For further reference, refer to the documentation here

avatar
Rising Star

@Tarun Parimi Thanks for the tip. I set "YARN_CONTAINER_RUNTIME_DOCKER_RUN_OVERRIDE_DISABLE" in the yarn-env.sh, because I did not know I could set it on the service itself. This is a better solution, but does not address the main issue.

Unfortunately, comma separating the input parameters did not help either. Here is the output:

Docker run command: /usr/bin/docker run --name=container_e06_1541194419811_0015_01_000002 --user=1015:1015 --net=yarnnetwork -v /hadoop/yarn/local/filecache:/hadoop/yarn/local/filecache:ro -v /hadoop/yarn/local/usercache/shjelmfelt/filecache:/hadoop/yarn/local/usercache/admin/filecache:ro -v /hadoop/yarn/log/application_1541194419811_0015/container_e06_1541194419811_0015_01_000002:/hadoop/yarn/log/application_1541194419811_0015/container_e06_1541194419811_0015_01_000002 -v /hadoop/yarn/local/usercache/admin/appcache/application_1541194419811_0015:/hadoop/yarn/local/usercache/admin/appcache/application_1541194419811_0015 --cgroup-parent=/hadoop-yarn/container_e06_1541194419811_0015_01_000002 --cap-drop=ALL --cap-add=SYS_CHROOT --cap-add=MKNOD --cap-add=SETFCAP --cap-add=SETPCAP --cap-add=DAC_READ_SEARCH --cap-add=FSETID --cap-add=SYS_PTRACE --cap-add=CHOWN --cap-add=SYS_ADMIN --cap-add=AUDIT_WRITE --cap-add=SETGID --cap-add=NET_RAW --cap-add=FOWNER --cap-add=SETUID --cap-add=DAC_OVERRIDE --cap-add=KILL --cap-add=NET_BIND_SERVICE --hostname=myappcontainers-0.myapp.admin.EXAMPLE.COM --group-add 1015 --env-file /hadoop/yarn/local/nmPrivate/application_1541194419811_0015/container_e06_1541194419811_0015_01_000002/docker.container_e06_1541194419811_0015_01_0000022942289027318724111.env 172.26.224.119:5000/myapp:1.0-SNAPSHOT input1 input2 1>/hadoop/yarn/log/application_1541194419811_0015/container_e06_1541194419811_0015_01_000002/stdout.txt 2>/hadoop/yarn/log/application_1541194419811_0015/container_e06_1541194419811_0015_01_000002/stderr.txt 
Received input: input1,input2 1>/hadoop/yarn/log/application_1541194419811_0015/container_e06_1541194419811_0015_01_000002/stdout.txt 2>/hadoop/yarn/log/application_1541194419811_0015/container_e06_1541194419811_0015_01_000002/stderr.txt

avatar
Expert Contributor

@Sam Hjelmfelt I don't think setting YARN_CONTAINER_RUNTIME_DOCKER_RUN_OVERRIDE_DISABLE in yarn-env.sh, will set the same in the ContainerLaunchContext. Have you tried setting it in the service spec itself to see if it helps ?

avatar
Rising Star

Comma separating the launch_command fields and setting YARN_CONTAINER_RUNTIME_DOCKER_RUN_OVERRIDE_DISABLE=true in the service definition rather than yarn-site.env allowed me to use my custom entrypoint as expected in HDP 3.0.1.

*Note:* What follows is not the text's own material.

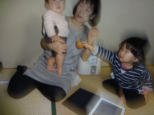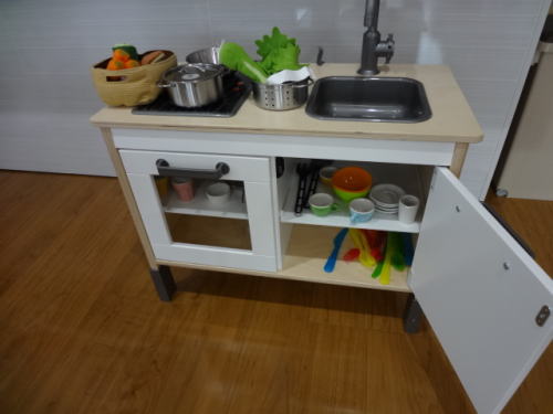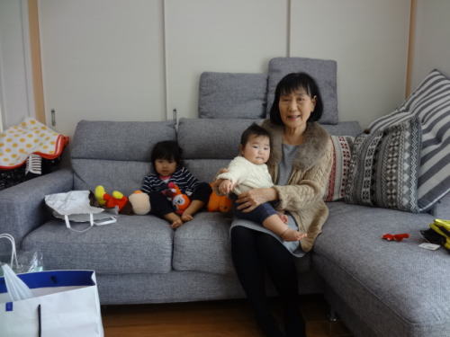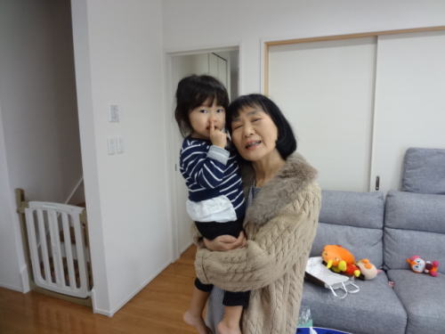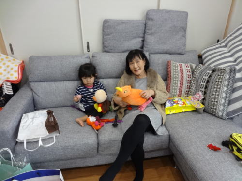 | イケアで購入したキッチンセットをお土産に持参しました。心花ちゃんは気に入った様子です | おばあちゃんと心花、愛花と一緒に | |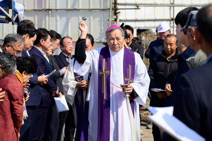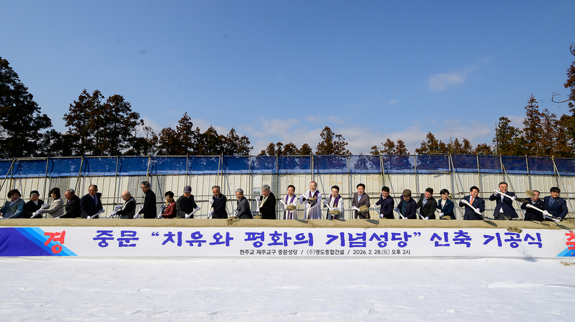 【우리일보 노연숙 기자】 오순문 서귀포시장이 2월28일 천제연로 149일원에서 열린 제주교구 중문성당 '치유와 평화의 기념 성당' 기공식에 참석하여 시삽 및 테이프커팅을 함께 하였다.

Strangely, exporting YARN_CONTAINER_RUNTIME_DOCKER_RUN_OVERRIDE_DISABLE=true in the yarn-site.env worked fine in my Apache Hadoop 3.1.1 environment, but not in my Ambari-installed HDP 3.0.1 environment. The stdout and stderr redirects are not included in the docker run command in the Apache release. Must be some other setting involved, but I am past my issue, so I will leave it here.

Thanks, @Tarun Parimi!

avatar
New Contributor

How to pass args to your app inside the docker when you run it with spark-submit like ../bin/spark-submit --master yarn --conf spark.executorEnv.YARN_CONTAINER_RUNTIME_TYPE=docker --conf spark.executorEnv. YARN_CONTAINER_RUNTIME_DOCKER_IMAGE=test .. ?

avatar
New Contributor

@Tarun Parimi Thanks for the tip. It helped me too.